Supplied information below:

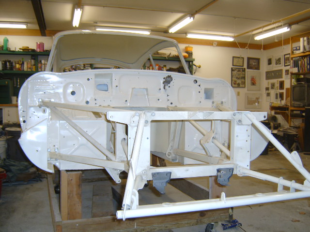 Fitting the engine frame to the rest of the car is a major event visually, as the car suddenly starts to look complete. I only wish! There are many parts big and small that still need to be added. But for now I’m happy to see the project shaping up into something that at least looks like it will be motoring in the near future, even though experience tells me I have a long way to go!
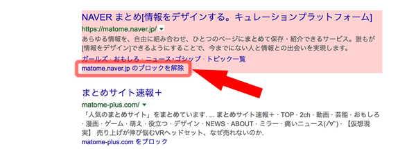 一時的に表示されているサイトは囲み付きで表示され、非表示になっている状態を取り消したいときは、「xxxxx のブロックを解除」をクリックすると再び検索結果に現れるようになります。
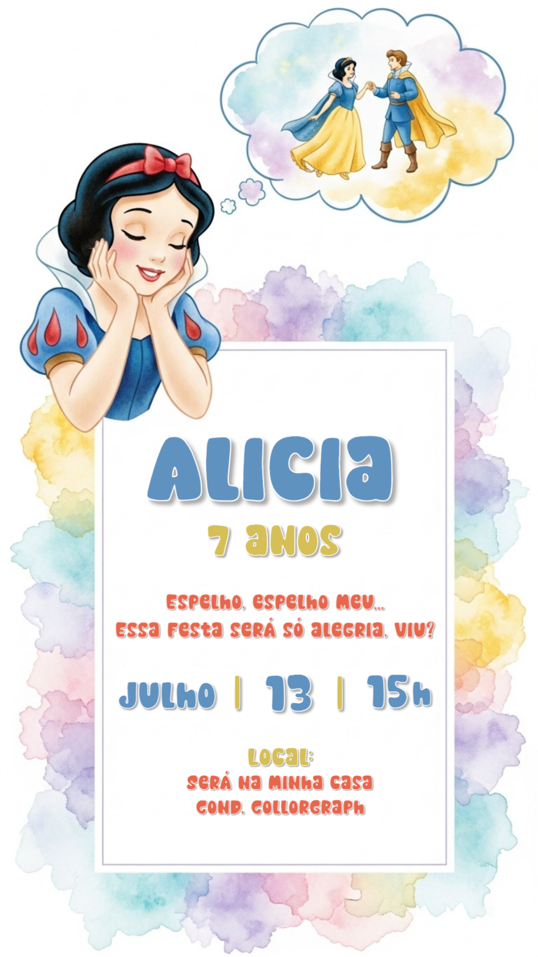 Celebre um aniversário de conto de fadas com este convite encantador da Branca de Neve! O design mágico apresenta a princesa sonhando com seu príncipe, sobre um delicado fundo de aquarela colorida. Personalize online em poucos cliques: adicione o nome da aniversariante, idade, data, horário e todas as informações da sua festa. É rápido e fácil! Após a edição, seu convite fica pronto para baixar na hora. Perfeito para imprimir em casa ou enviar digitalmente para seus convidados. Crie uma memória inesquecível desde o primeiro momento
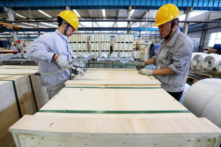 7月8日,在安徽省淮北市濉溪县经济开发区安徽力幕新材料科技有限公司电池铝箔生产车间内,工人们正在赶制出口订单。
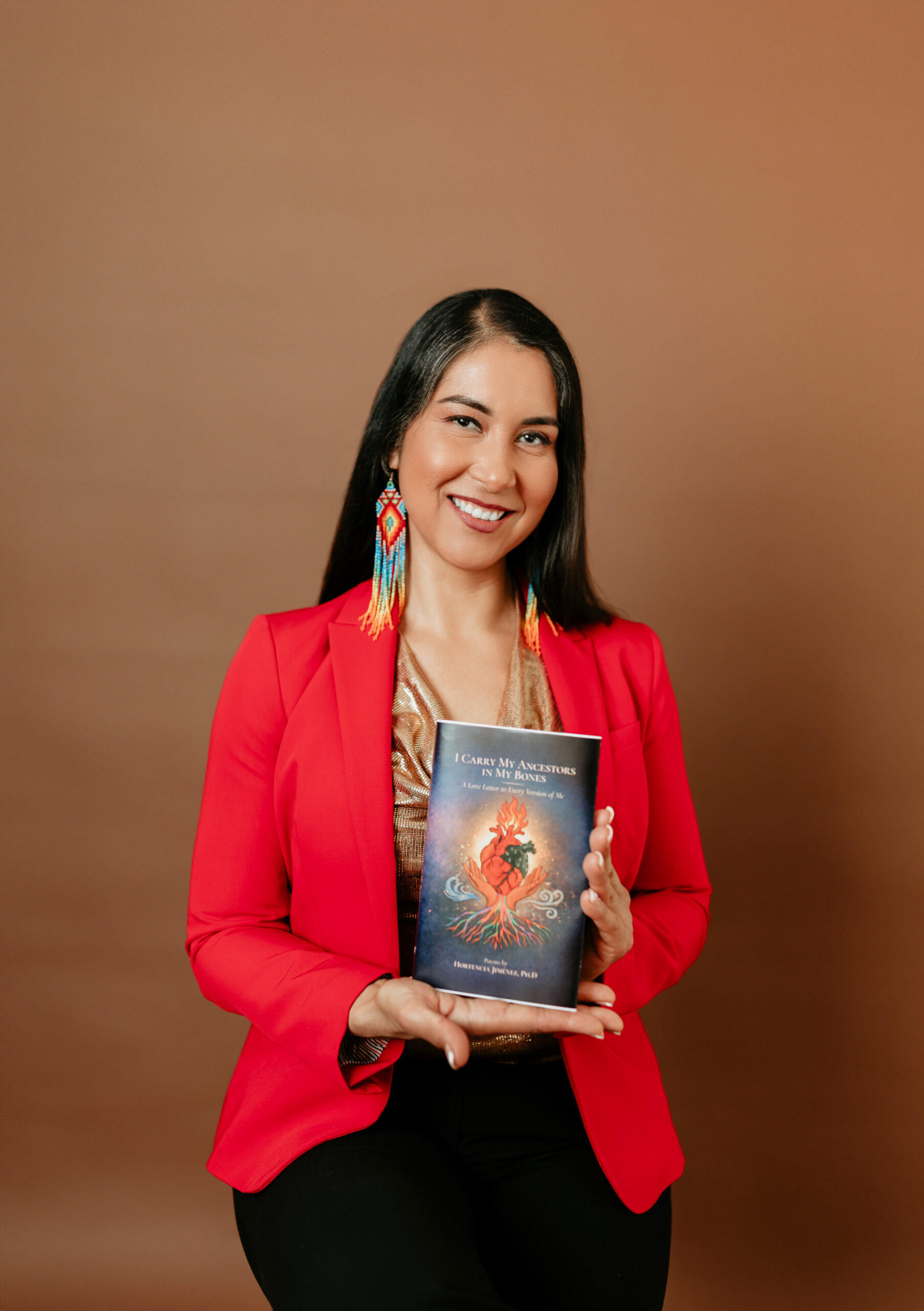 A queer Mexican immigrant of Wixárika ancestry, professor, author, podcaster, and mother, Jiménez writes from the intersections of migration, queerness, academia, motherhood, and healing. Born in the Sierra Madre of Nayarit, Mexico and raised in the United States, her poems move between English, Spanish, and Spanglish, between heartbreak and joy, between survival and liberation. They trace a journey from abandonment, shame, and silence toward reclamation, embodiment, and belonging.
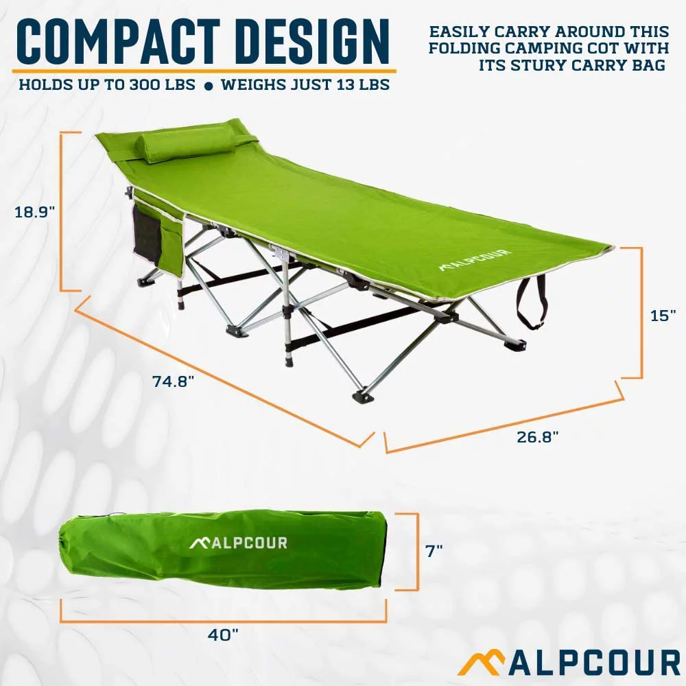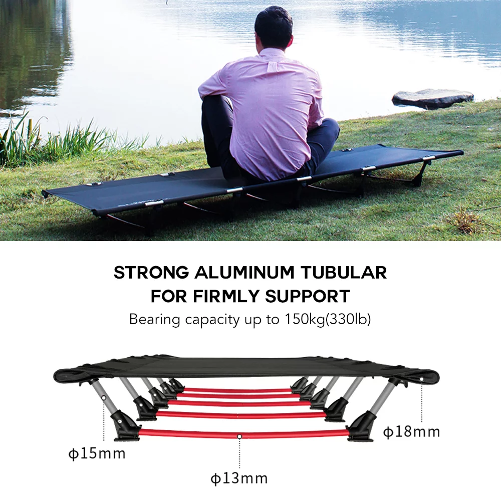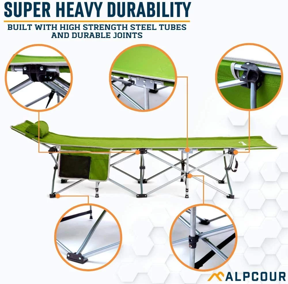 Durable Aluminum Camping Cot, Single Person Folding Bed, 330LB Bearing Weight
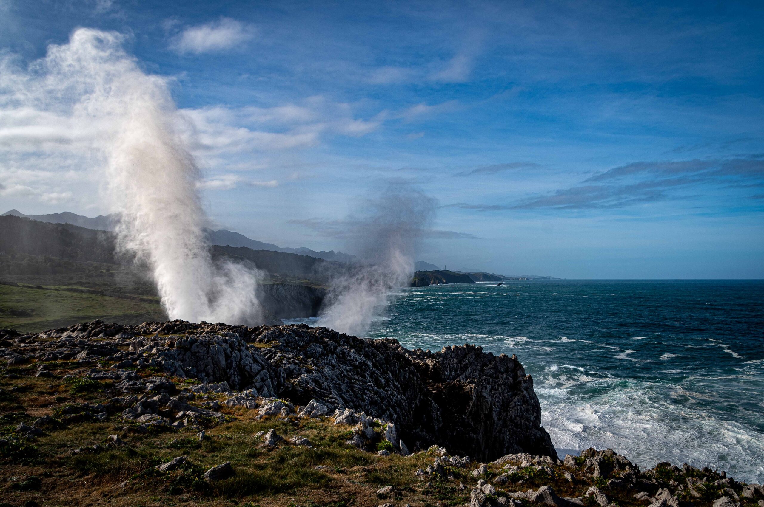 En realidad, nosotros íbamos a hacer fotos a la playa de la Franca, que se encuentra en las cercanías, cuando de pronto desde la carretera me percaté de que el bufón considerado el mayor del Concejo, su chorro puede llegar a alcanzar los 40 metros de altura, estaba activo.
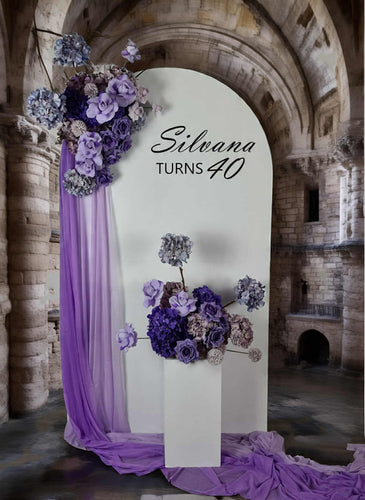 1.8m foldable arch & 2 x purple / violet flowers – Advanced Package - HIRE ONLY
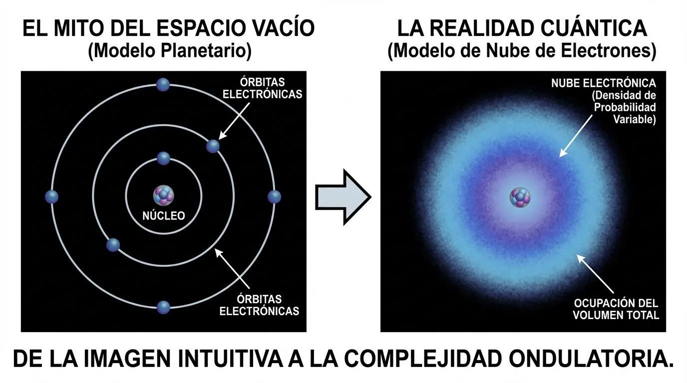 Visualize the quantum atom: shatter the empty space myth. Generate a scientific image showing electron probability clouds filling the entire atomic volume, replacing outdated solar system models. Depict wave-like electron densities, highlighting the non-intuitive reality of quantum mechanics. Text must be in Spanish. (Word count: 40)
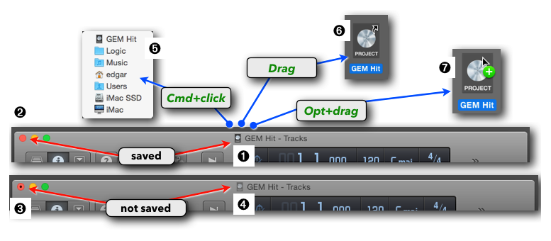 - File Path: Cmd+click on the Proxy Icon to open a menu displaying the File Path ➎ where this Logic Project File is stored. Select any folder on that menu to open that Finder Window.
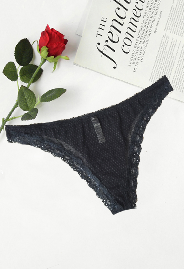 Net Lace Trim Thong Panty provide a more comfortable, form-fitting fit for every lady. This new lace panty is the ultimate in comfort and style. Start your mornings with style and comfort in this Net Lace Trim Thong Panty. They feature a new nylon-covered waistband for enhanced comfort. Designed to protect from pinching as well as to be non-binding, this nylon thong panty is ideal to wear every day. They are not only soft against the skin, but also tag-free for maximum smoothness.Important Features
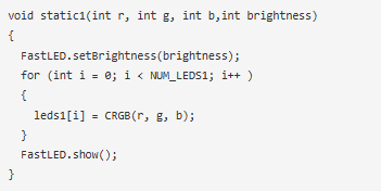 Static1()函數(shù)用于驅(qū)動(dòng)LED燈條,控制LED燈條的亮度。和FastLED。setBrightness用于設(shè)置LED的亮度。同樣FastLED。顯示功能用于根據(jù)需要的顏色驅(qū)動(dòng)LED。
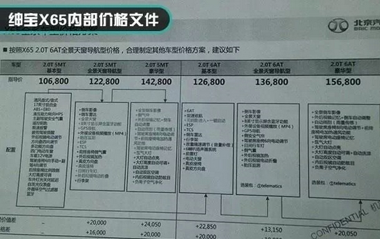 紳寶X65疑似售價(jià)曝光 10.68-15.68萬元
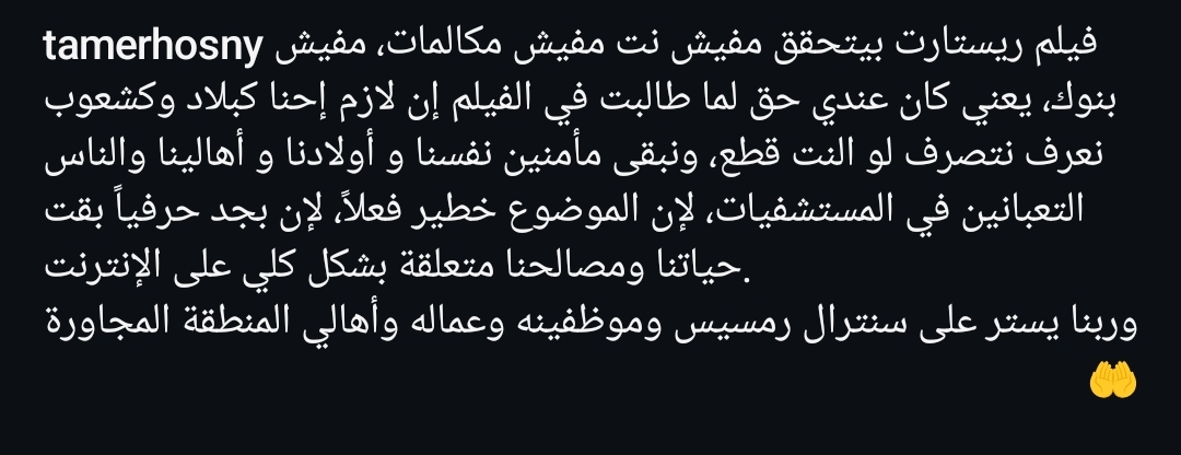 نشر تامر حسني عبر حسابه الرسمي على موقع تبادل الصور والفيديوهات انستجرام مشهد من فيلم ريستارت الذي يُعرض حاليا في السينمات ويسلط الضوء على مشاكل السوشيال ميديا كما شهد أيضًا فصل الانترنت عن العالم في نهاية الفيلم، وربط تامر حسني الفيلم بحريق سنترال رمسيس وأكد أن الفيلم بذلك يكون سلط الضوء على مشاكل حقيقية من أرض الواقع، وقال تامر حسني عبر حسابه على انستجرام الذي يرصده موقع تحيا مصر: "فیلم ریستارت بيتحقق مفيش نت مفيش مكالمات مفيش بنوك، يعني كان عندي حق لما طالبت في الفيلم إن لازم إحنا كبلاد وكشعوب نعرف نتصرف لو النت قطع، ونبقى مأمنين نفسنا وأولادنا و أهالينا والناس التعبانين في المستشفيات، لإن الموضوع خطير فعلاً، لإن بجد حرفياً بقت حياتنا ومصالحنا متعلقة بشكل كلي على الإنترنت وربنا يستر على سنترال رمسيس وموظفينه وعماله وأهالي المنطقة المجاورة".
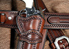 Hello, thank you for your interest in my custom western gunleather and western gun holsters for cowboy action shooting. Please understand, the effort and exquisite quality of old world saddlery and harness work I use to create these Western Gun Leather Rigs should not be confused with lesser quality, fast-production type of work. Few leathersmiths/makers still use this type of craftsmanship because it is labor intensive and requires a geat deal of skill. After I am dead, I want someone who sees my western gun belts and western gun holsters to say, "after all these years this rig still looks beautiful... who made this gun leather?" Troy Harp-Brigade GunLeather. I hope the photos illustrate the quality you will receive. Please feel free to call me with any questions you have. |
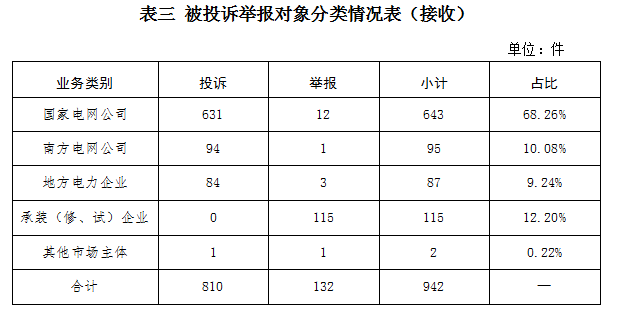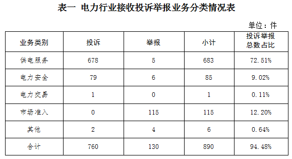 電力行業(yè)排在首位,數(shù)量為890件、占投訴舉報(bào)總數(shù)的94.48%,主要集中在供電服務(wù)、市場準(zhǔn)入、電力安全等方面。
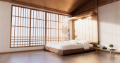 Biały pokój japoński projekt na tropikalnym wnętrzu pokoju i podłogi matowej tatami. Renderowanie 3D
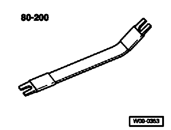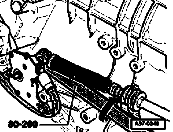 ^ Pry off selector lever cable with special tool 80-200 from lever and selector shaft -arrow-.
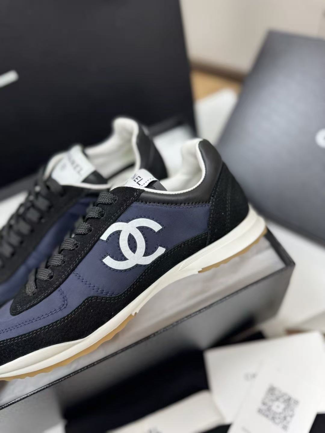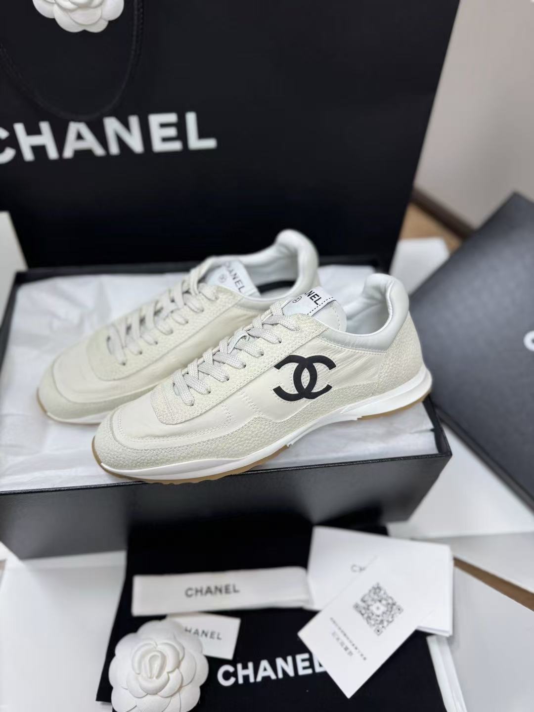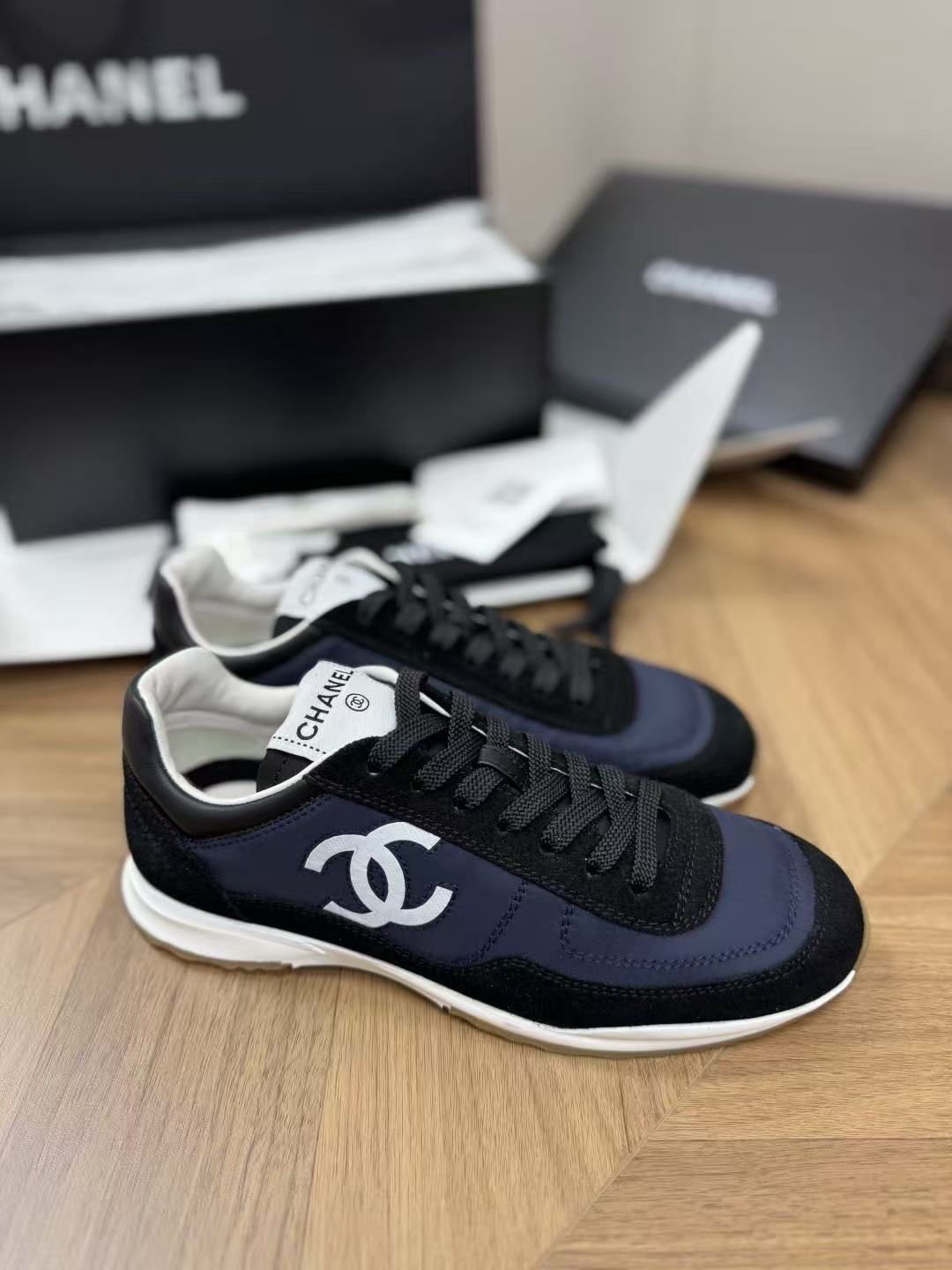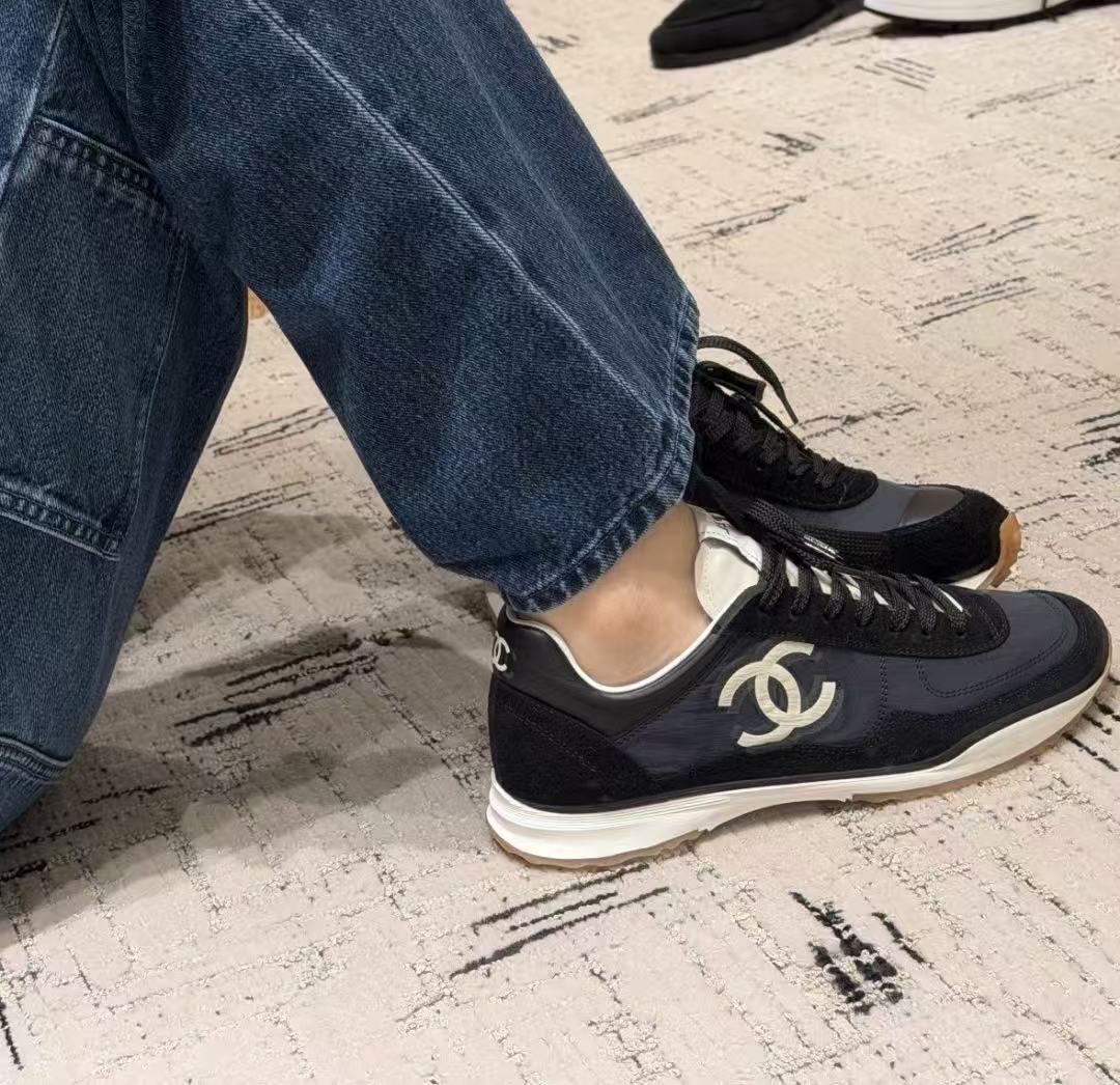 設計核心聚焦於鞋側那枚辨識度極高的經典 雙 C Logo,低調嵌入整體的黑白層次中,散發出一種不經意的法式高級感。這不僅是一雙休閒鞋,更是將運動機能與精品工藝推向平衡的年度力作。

End of Supplied information.

#### [Problem to work on]
All lines above starting at the one with "A queer Mexican" and ending at the one with "Net Lace Trim Thong Panty provide", inclusive, are to be printed again exactly, with the pictures left out.

#### [Answer space]
 A queer Mexican immigrant of Wixárika ancestry, professor, author, podcaster, and mother, Jiménez writes from the intersections of migration, queerness, academia, motherhood, and healing. Born in the Sierra Madre of Nayarit, Mexico and raised in the United States, her poems move between English, Spanish, and Spanglish, between heartbreak and joy, between survival and liberation. They trace a journey from abandonment, shame, and silence toward reclamation, embodiment, and belonging.
 Durable Aluminum Camping Cot, Single Person Folding Bed, 330LB Bearing Weight
 En realidad, nosotros íbamos a hacer fotos a la playa de la Franca, que se encuentra en las cercanías, cuando de pronto desde la carretera me percaté de que el bufón considerado el mayor del Concejo, su chorro puede llegar a alcanzar los 40 metros de altura, estaba activo.
 1.8m foldable arch & 2 x purple / violet flowers – Advanced Package - HIRE ONLY
 Visualize the quantum atom: shatter the empty space myth. Generate a scientific image showing electron probability clouds filling the entire atomic volume, replacing outdated solar system models. Depict wave-like electron densities, highlighting the non-intuitive reality of quantum mechanics. Text must be in Spanish. (Word count: 40)
 - File Path: Cmd+click on the Proxy Icon to open a menu displaying the File Path ➎ where this Logic Project File is stored. Select any folder on that menu to open that Finder Window.
 Net Lace Trim Thong Panty provide a more comfortable, form-fitting fit for every lady. This new lace panty is the ultimate in comfort and style. Start your mornings with style and comfort in this Net Lace Trim Thong Panty. They feature a new nylon-covered waistband for enhanced comfort. Designed to protect from pinching as well as to be non-binding, this nylon thong panty is ideal to wear every day. They are not only soft against the skin, but also tag-free for maximum smoothness.Important Features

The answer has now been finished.